Miriam Ruiz
random thoughts on technology and life











{November 08, 2007}   C and multithreading

Reading mig21′s weblog, in which I often find really interesting stuff, I found Ian Lance Taylor’s article “Single Threaded Memory Model“, which kind of bothers me a bit. It reports a recent discussion on the gcc and LKML mailing lists about how C compilers, gcc in this case, optimize for single threaded code, sometimes leading to counter-intuitive results which won’t work properly in multi-threaded software (leading, for example, to race conditions).

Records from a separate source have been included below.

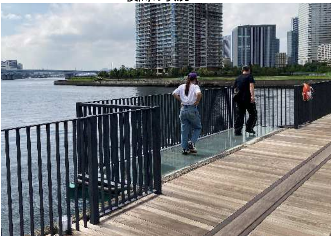
ガラス床の展望テラス
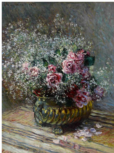
Claude Monet, Fleurs dans un pot (Roses et brouillard),

1878, huile sur toile, 83,5 x 62,4 cm. Estimation 4 - 6 millions de dollars (3 352 300 - 5 028 450 euros).
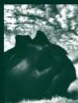
洞爺湖有珠山ジオパーク
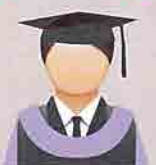
UNGU KUNDANG (Light Purple/Lavender) Fakulti Perubatan dan Sains Kesihatan
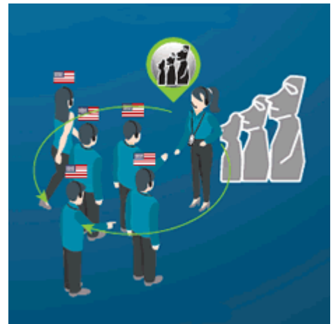
Einsprachige Tour (Guide startet Abspielen des gespeicherten Inhalts auf Knopfdruck)
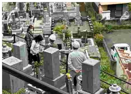
台風15号の被災者宅の裏山を 検分する技術士、弁護士、 支援相談員

また、支援相談員が、頻繁に被災者と同行して士業の無料相談ブースに相談に来てもらうことで、弁護士会や士業連絡会による無料相談会の活用促進にもつながっています。
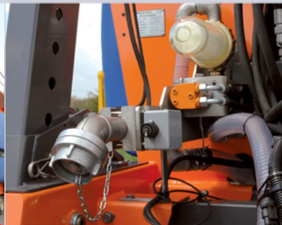
Sole-Pumpe aus Bronze (mit Trockenlaufschutz) inkl. großflächiger Filtereinheit. Verrohrung kpl. aus rostfreiem Edelstahl.
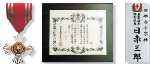
(個人:金色有功章) (個人:銀色有功章) (個人:特別社員) (法人:銀・金色有功章) (個人:銀・金色有功章)
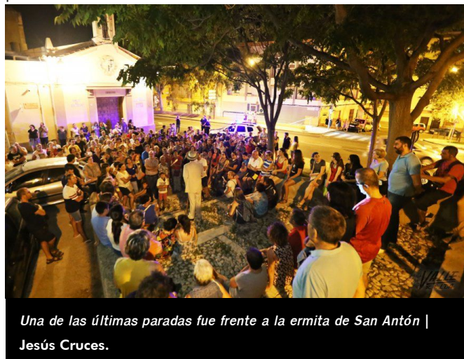
Una de las últimas paradas fue frente a la ermita de San Antón | Jesús Cruces.

En total, 20 las personas participaron en la representación entre actores, músicos y bailarines bajo la dirección de Antonio Santos . La idea de este grupo de actores era sorprender al público aunando teatro, música y la propia historia de la localidad y lo consiguieron con creces, prueba de ello es que el público despidió con un cálido aplauso a los actores . Esta representación volverá a repetirse el próximo martes 25 de julio, a las 22 horas y partirá de nuevo desde la plaza San Pascual.
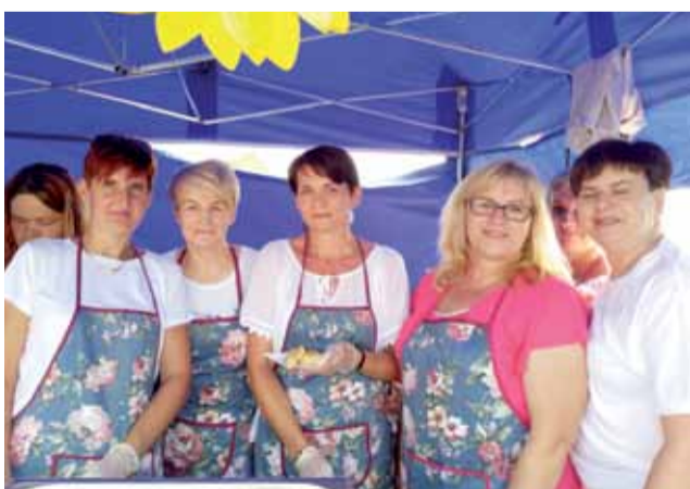
Gospodynie z KGW w Łyszkowicach jak co roku raczyły uczestników dożynek przysmakami.

Zgromadzeni na placu rolnicy tego dnia bawili się radośnie, choć w ich pamięci wciąż królował obraz tegorocznych plonów.
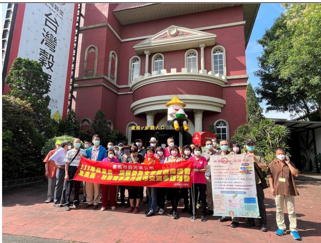
參加人員反應熱烈，提昇性平意識
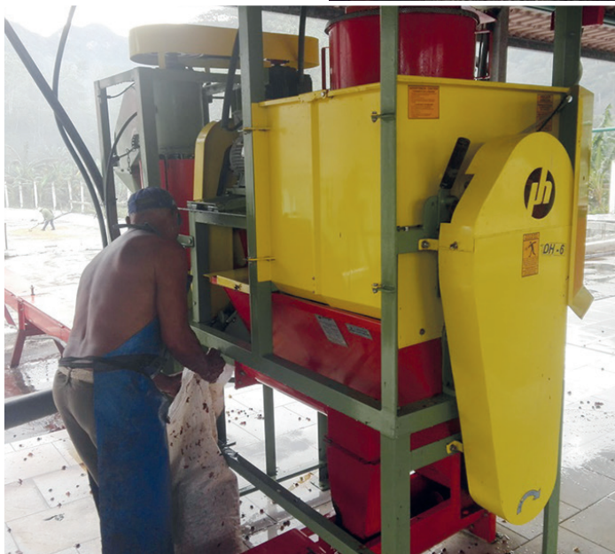
La Despulpadora San Blas lleva cinco años consecutivos siendo la mejor de Cuba.

El Banco de Semillas Certificadas de Café Mayarí aporta al balance nacional tres toneladas, tras satisfacer la demanda productiva de Cienfuegos.
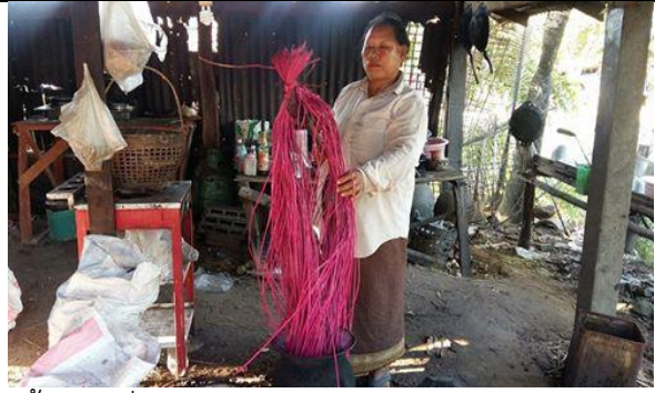
ขั้นตอนที่ 4 คือ ย้อมด้วยสารเคมีด้วยวิธีการย้อมร้อน
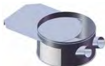
Bouche de reprise sous silo textile
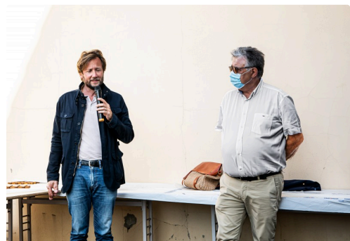
8 Intervention de Boris Vallaud 1bis 050821.jpg
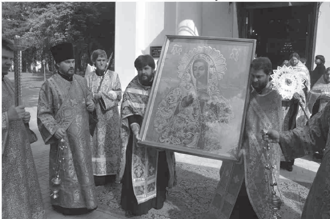
Крестный ход с Калужской иконой Пресвятой Богородицы у стен Свято-Троицкого кафедрального собора
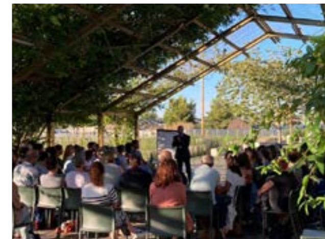
En plein air, sur le parvis des archives de Bordeaux Métropole
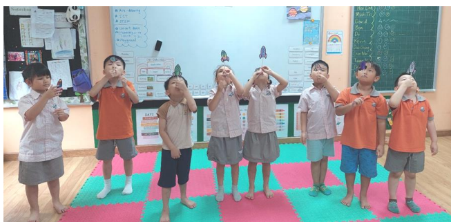
CÁC EM HỌC SINH HÀO HỨNG LÀM TÀU KHÔNG GIAN
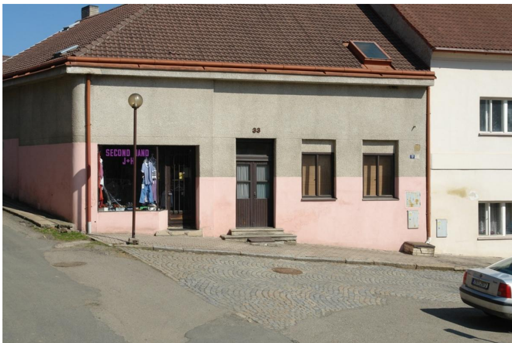
obr. 53 – dům č. p. 33
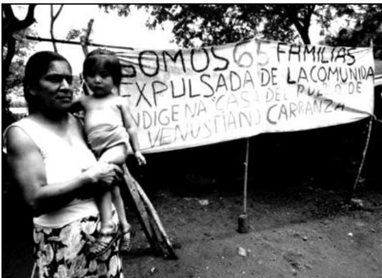
Desplazados di Venustiano Carranza

La colonia sorge nel 1948 da persone provenienti da Aguacatenango. Attualmente vivono qui 900 persone. Nel 1965 incominciano i primi problemi per la terra ed i contadini cominciano ad organizzarsi incontrandosi nella Casa Del Pueblo e nel 1995 occupano 70 ettari della finca La Mesilla sulle cui terre lavorano per 30 anni. Attualmente la terra è coltivata in comune, si divide il raccolto in parti uguali per motivi di sicurezza, perché fino ad ora il governo non ha indennizzato i finqueros che vogliono 8000 pesos per ogni ettaro, questo fa ritenere all'organizzazione che lo stato voglia sgomberarli. Tutti i terreni vicini alla colonia sono occupati da diverse organizzazioni. Gli abitanti della colonia ritengono che le possibili azioni di occupazione di terra debbano essere rivolte alle fincas e non scontrandosi con altri gruppi di contadini. Un elemento di divisione interno alla comunità è rappresentato dalla religione, per la presenza di diversi gruppi religiosi: cattolici, presbiteriani e pentecostali, ognuno col proprio luogo di culto.
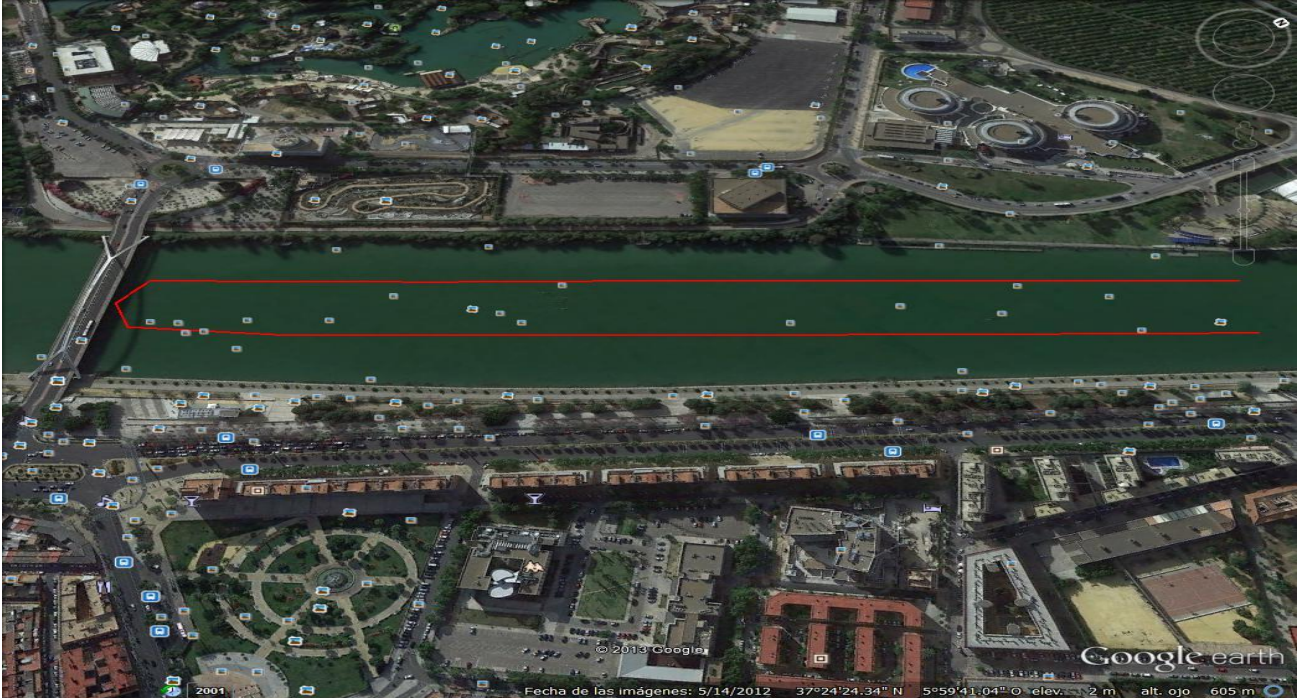
Alevines, Benjamín y PreBenjamin (1 Vuelta de 1500m) Infantiles (2 vueltas de 1500m).
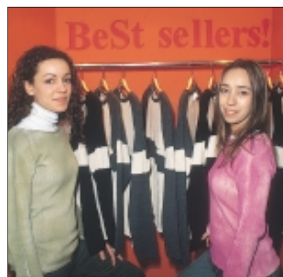
CUADRO Nº 2
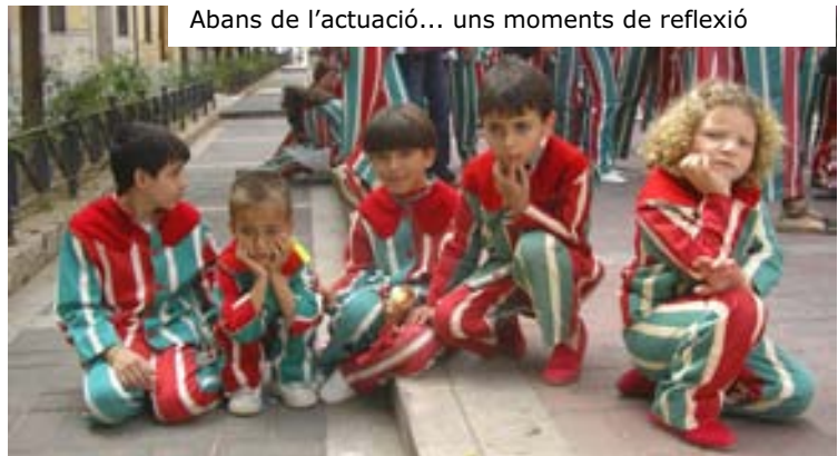
Abans de l'actuació... uns moments de reflexió

La cita era a les 9 del matí d'un diumenge, imagineu-se quina gràcia per a molta gent, fins i tot per a mi. Gent que està acostumada a matinar... però diumenge? En fi, tot anava com una seda, es feia l'hora i els nervis de sempre perquè faltava alguna persona que no apareixia, eh? El viatge en l'autobús va ser un passada, sobretot per als que no anaven dormint. Caldria destacar les estranyes figures que es feien en l'última fila, on les noves generacions muixerangueres ensenyaven als conductors la tradicional figura anomenada Marieta .
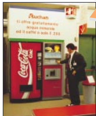
Ospitalità/2. Un distributore automatico, attrezzato con sedute autonome, permette un momento di ristoro.
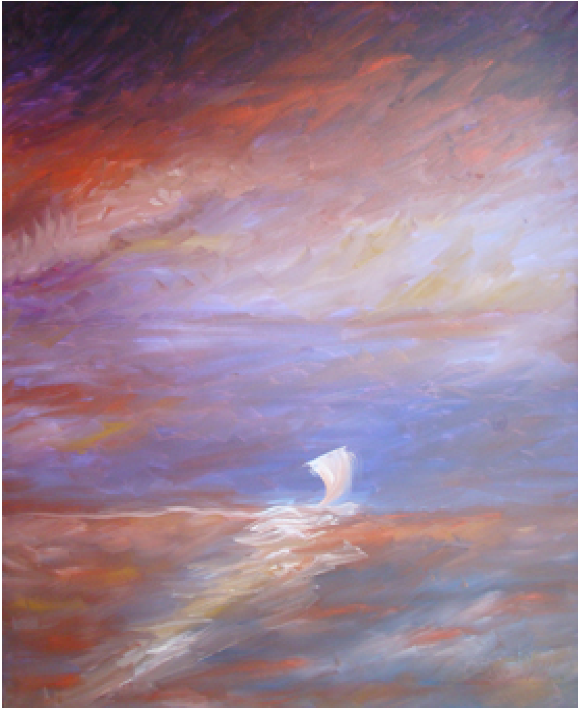
«Κόκκινη αδρεναλίνη», Λάδια 100cm X 120cm
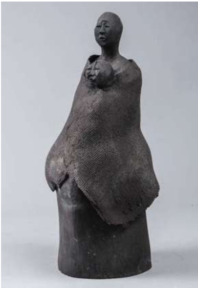
144 MÈRE TENANT SON ENFANT sous sa cape. En terre cuite noire. H. 40cm € 320 - 350
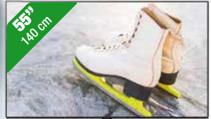
PANASONIC OLED TV TX-55JZ984

• OLED • 4K Ultra HD • 100hz dus ideaal voor razendsnelle sportbeelden! • HCX Pro AI-processor • Cinema Surround Pro
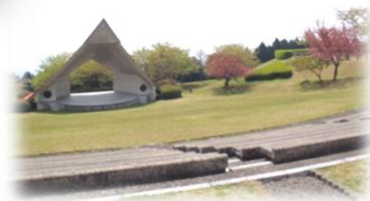
広々とした園内には野外ステージも
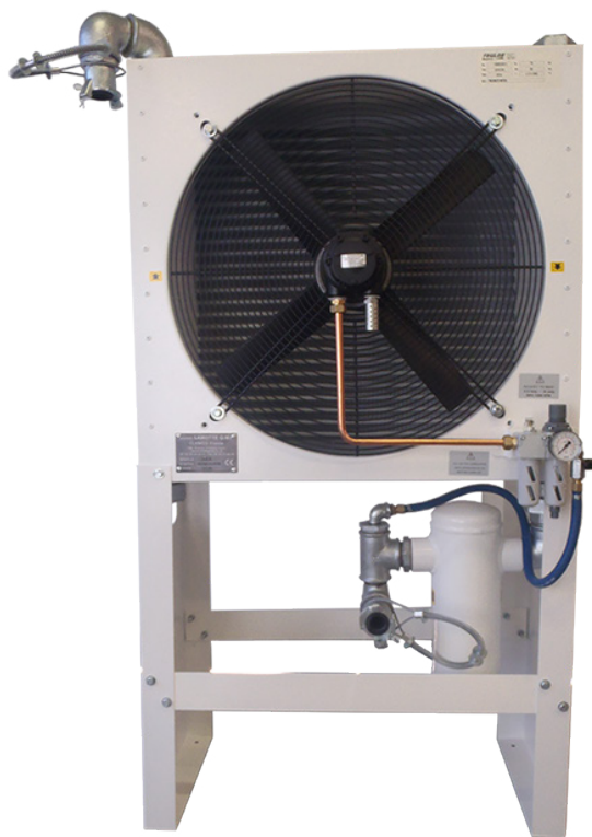
Modèle présenté : AER774
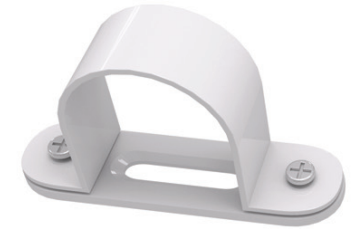
Space Bar saddle
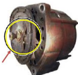
Brak koła pasowego (dotyczy referencji z kołami)

The interesting part is that the C language standard, which in general describes a single threaded model, apparently says nothing about when values have to be written to memory. Thus, this kind of optimization seem to be perfectly valid. Linus Torvalds complains about gcc developers taking more care about “what the spec says” than about real problems, but the fact is that if those kind of optimizations are valid according to the specs, there’s no guarantee at all that it won’t happen with whatever C compiler you might be using.

To prevent this kind of behaviour in standard C, according to Ian, the variable needs to be marked as volatile, or it needs to use an explicit memory barrier. The moral in this case is that multithreading might not be as easy as it seems and should be handled with caution.



jldugger says:

This is why Java is respected as a capable multithreading system — the Java Memory model describes when and how things happen. Memory barriers are a trick that rely on the compiler not optimizing between C files as they’re defined as the top-most compilation unit. In Java that doesn’t hold true, but there are synchronization tools explicit in the language.

The position you’ve taken is basically what Torvalds is complaining about: there is no good memory model for multithreaded C. The volatile keyword doesn’t necessarily get the results you wanted. The best way to make the kernel work is to deviate from the C99 spec in favor of multithreaded application considerations. This of course means dropping some optimizations that are valid in the vast majority of single thread apps. There are bound to be more problems like this in C99, so perhaps its time to invent a smarter systems language that has some ideas to solve real world problems, instead of insisting that the gcc community solve your problems at the expense of others.

I wonder what D and nesC have thought up.



Ben Hutchings says:

Anyone who tells you multithreaded programming is easy, doesn’t understand it…or possibly using some quite different language from C, such as Erlang. If you’re interested in multithreading issues, Herb Sutter’s Effective Concurrency series and Tim Bray’s Wide Finder saga may be worth following. Also see the C++ memory model, which has been incorporated into the next C++ standard and has been designed to be suitable for C as well.



mig21 says:

jldugger: You are right, there is something called Java Memory model (as well as the C memory spec, obsolete for multithreading but with work in progress as Ben says) But Java Model allows the occurrence of counter-intuitive behavior and subtle differences between architectures (see Where the metal meets JVM (An interview with Cliff Click)) No one can scape from reading the spec, multithreading is hard :/

(Thank you, Miriam ;) )



jldugger says:

The problem with Java is mostly that programmers are deathly afraid of the synchronized keyword, when it solves exactly their problem. Also, if your program is big enough that you can’t be sure whether it’s threadsafe, make sure your testing looks like production. Sort of a duh, but I guess people test on Windows when the clients use Niagra / Solaris.